1.Define the meaning of the dp array:

Defining what a dp array means is very tachnical,The dp array of the same problem can be defined in several ways.Different definitions lead to different state transition equations,But as long as there's no logic problem,you end up with the same answer.I recommend that you don't get caught up in what looks like a great short technique,and that you end up with something that's a little bit more stable, something that's the most interpretable, and something that's the easiest to generalize,This paper gives a general design framework of game problem.

Before we introduce what a dp array means,let's take a look at what it ultimately looks like:

1

As explained below,tuples are considered to be a object containing first and second atrributes,And to save space,these two atrributes are abbreviated to fir and sec. As shown in the figure above,we think dp[1][3].fir = 10,dp[0][1].sec = 3.

Start by answering a few questions that readers might ask:

This is a two-dimensional dp table that stores tuples.How do you represent that?Half of this array is useless,How do you optimize it?Very simple, do not care,first to think out the way to solve the problem again.

Here's an explanation of what a dp array means:

dp[i][j].fir represents the highest score the first hand can get for this section of the pile piles[i...j]
dp[i][j].sec represents the highest score the back hand can get for this section of the pile piles[i...j]
​
Just to give you an example,Assuming piles = [3, 9, 1, 2],The inedx starts at 0
dp[0][1].fir = 9 means:Facing the pile of stones [3, 9],The first player eventually gets 9 points.
dp[1][3].sec = 2 means:Facing the pile of stones [9, 1, 2],The second player eventually gets 2 points.
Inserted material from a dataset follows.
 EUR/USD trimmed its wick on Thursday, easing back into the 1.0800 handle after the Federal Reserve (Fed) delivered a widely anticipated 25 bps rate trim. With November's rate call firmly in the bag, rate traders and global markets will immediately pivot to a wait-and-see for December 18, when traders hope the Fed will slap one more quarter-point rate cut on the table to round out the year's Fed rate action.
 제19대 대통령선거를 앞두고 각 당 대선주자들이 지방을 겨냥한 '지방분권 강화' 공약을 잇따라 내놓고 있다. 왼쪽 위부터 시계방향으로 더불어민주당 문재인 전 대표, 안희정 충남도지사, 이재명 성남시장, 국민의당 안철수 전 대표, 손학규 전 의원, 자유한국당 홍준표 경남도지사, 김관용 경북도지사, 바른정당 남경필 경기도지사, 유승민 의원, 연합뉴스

The answer we want is the difference between the final score of the first hand and the final score of the second hand,By thisdefinition, that is $dp[0][n-1].fir - dp[0][n-1].sec$ That is,facing the whole piles,the difference between the best score of the first hand and the best score of the second hand.

2.state transition equation:

It's easy to write the transition equation,The first step is to find all the states and the choices you can make for each state,and then pick the best.
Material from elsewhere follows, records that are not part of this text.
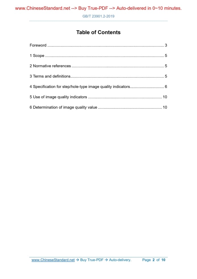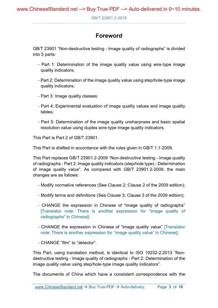 GB/T 23901 “Non-destructive testing - Image quality of radiographs” is divided into 5 parts: - Part 1: Determination of the image quality value using wire-type image quality indicators; - Part 2: Determination of the image quality value using step/hole-type image quality indicators; - Part 3: Image quality classes; - Part 4: Experimental evaluation of image quality values and image quality tables; - Part 5: Determination of the image quality unsharpness and basic spatial resolution value using duplex wire-type image quality indicators. This Part is Part 2 of GB/T 23901. This Part is drafted in accordance with the rules given in GB/T 1.1-2009. This Part replaces GB/T 23901.2-2009 “Non-destructive testing - Image quality of radiographs - Part 2: Image quality indicators (step/hole type) - Determination of image quality value”. As compared with GB/T 23901.2-2009, the main changes are as follows: - Modify normative references (See Clause 2; Clause 2 of the 2009 edition); - Modify terms and definitions (See Clause 3; Clause 3 of the 2009 edition); - CHANGE the expression in Chinese of “Image quality of radiographs” [Translator note: There is another expression for “Image quality of radiographs” in Chinese]; - CHANGE the expression in Chinese of “image quality value” [Translator note: There is another expression for “image quality value” in Chinese]; - CHANGE “film” to “detector”. This Part, using translation method, is identical to ISO 19232-2:2013 “Non- destructive testing - Image quality of radiographs - Part 2: Determination of the image quality value using step/hole-type image quality indicators”. The documents of China which have a consistent correspondence with the international documents normatively referenced in this Part are as follows: - GB/T 19802-2005 Non-destructive testing - Industrial radiographic illuminators - Minimum requirements (ISO 5580:1985, IDT) - GB/T 23901.4-2019 Non-destructive testing - Image quality of radiographs - Part 4: Experimental evaluation of image quality values and image quality tables (ISO 19232-4:2013, IDT) - GB/T 27050.1-2006 Conformity assessment - Suppliers declaration of conformity - part 1: General requirements (ISO/IEC 17050-1:2004, IDT) This Part was proposed by and shall be under the jurisdiction of National Technical Committee 56 on Non-destructive Testing of Standardization Administration of China (SAC/TC 56). Responsible drafting organizations of this Part: Shanghai Institute of Space Propulsion; Shanghai Aerospace Power Technology Engineering Co., Ltd.; Shanghai Research Institute of Materials; Zhejiang Jinyun IQI. Co.; Hubei Sanjiang Space Jiangbei Machinery Engineering Co., Ltd.; Matrix Science and Industry Testing Technologies (Beijing) Co., Ltd.; Shanghai Spaceflight Precision Machinery Institute; Shanghai Institute of Spacecraft Equipment; Shanghai Aerospace Equipment Manufacturer Co., Ltd.; Sichuan Aerospace Chuannan Fire Work Technology Co., Ltd.; China Nuclear Power Engineering Co., Ltd.; Shanghai Feitian Zhongzhi Technology Co., Ltd.; Zhejiang Academy of Special Equipment Science; Aerospace Research Institute of Materials & Processing Technology; CITIC Dicastal Co., Ltd.; Shanghai Acoustics Laboratory, Chinese Academy of Sciences; Ningbo Special Equipment Inspection and Research Institute; Shanghai Aerospace Control Technology Institute; NDT Testing Technology (Shanghai) Co., Ltd. Main drafters of this Part: Chen Yiwei, Xu Guozhen, Jiang Jiansheng, Ding Jie, Liu Zhanglong, Wang Xiaoyong, Jiang Yunxi, Zhou Jianping, Wei Quan, Sun Jiangang, Xu Wei, Zhang Zheng, Zhu Congbin, Wang Daolong, Huang Wenda, Lv Yanda, Yuan Shengping, Liu Jun, Hu Ling, Chen Hu, Yuan Zhizuo, Zhang Rui, Zhang Yifeng, Zhai Lianna, Ma Jun. The previous editions of the standard replaced by this Part were released as follows: - GB/T 23901.2-2009. Non-destructive testing - Image quality of radiographs - Part 2: Determination of the image quality value using step/hole-type image quality indicators
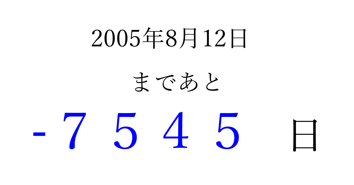 2005年8月12日(金)は もう 0000 日過ぎました 追加すると、トップページからすぐ選べるようになります ※2026/04/09現在の結果です。 最新の状態に更新する ↓シェアして、タイムライン上にカウントダウンを表示しよう!↓ 📤 この結果を共有する Tweet シェア Threads Bluesky 別の日付でカウントダウン 2005年8月のカレンダー このページをブックマークに追加すると、いつでもカウントダウンを確認できます。 (PC: Ctrl+D / Mac: ⌘+D) hitome-notes.comでは以下のページも運営しています。 指定日と期間から日付を計算 | ガチャ確率計算・シミュレーション | プライバシー・ポリシー 運営者:Avocado
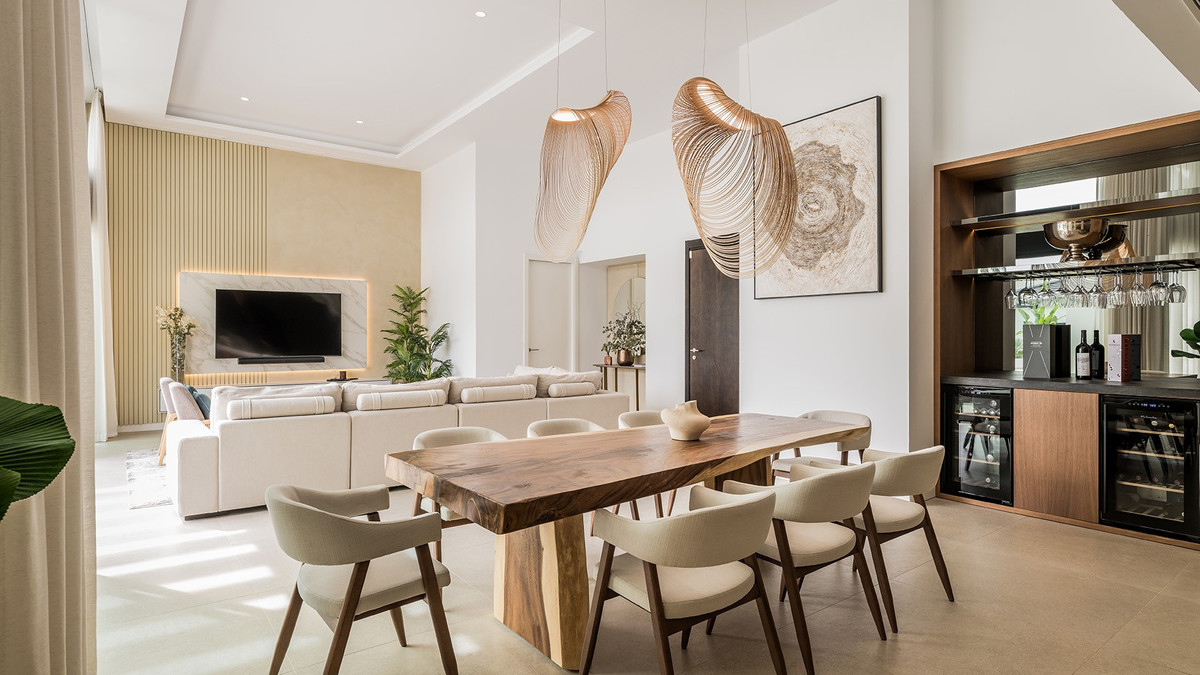 Cette villa, construite principalement de plain-pied avec un niveau inférieur, est une configuration assez rare sur le marché. Elle dégage une atmosphère moderne et épurée. Décorée dans des tons doux et neutres, elle offre une ambiance relaxante, lumineuse et accueillante.
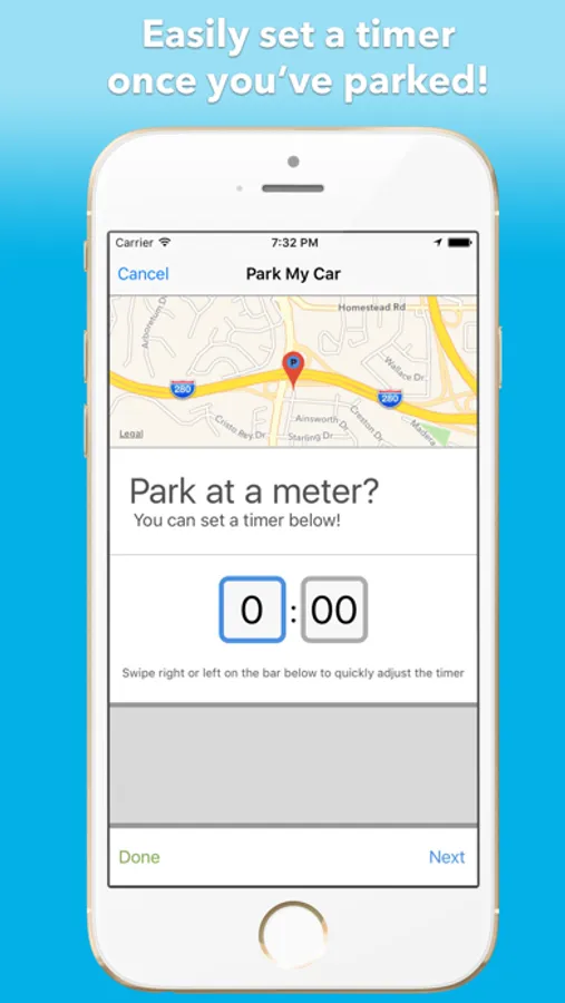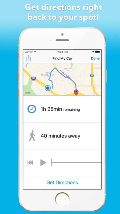 *Share where you parked: Use Twitter, Facebook, or Messages straight from iOS to share where your parked and let your friends know where you are and the cool spots you've been visiting.

From the previous definition of the dp array,there are obviously three states:the starting index i,the ending index j,and the person whose turn it is.

dp[i][j][fir or sec]
range:
0 <= i < piles.length
i <= j < piles.length

For each state of the problem,there are two choices you can make :Choose the pile to the left,or the pile to the right.We can do all the states like this :

n = piles.length
for 0 <= i < n:
for j <= i < n:
for who in {fir, sec}:
dp[i][j][who] = max(left, right)

The pseudocode above is a rough framework for dynamic programming,and there is a similar pseudocode in the stock series problem.The difficulty of this problem is that two people choose alternately,that is to say,the choice of the first hand has effect on the second hand,how can we express this?
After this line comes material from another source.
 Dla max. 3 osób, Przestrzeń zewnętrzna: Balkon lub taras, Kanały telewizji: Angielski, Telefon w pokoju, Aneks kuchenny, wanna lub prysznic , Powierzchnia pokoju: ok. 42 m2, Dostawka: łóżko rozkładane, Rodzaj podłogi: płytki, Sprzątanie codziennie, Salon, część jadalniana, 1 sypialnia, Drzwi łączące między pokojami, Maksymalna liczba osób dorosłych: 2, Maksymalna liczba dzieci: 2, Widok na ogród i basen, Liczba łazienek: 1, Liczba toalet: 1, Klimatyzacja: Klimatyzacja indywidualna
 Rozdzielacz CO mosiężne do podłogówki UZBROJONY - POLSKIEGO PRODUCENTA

According to our definition of dp array,it is easy to solve this difficulty and write down the state transition equation:

dp[i][j].fir = max(piles[i] + dp[i+1][j].sec, piles[j] + dp[i][j-1].sec)
dp[i][j].fir = max( Select the rock pile on the far left , Select the rock pile on the far right )
# explanation:I,as a first hand,faced piles[i...j],I had two choices:
# If I choose the pile of rocks on the far left,and I will face piles[i+1...j]
# But when it came to the other side,I became the back hand.
# If I choose the pile of rocks on the far right,and I will face piles[i...j-1]
# But when it came to the other side,I became the back hand.
​
if the first hand select the left:
dp[i][j].sec = dp[i+1][j].fir
if the first hand select the right:
dp[i][j].sec = dp[i][j-1].fir
# explanation:I,as a back hand ,have to wait for the first hand to choose,There are two condition:
# If the first hand choose the pile of rocks on the far left,I will face piles[i+1...j]
# then it's my turn, and i become the first hand.
# If the first hand choose the pile of rocks on the far right,I will face piles[i...j-1]
# then it's my turn, and i become the first hand.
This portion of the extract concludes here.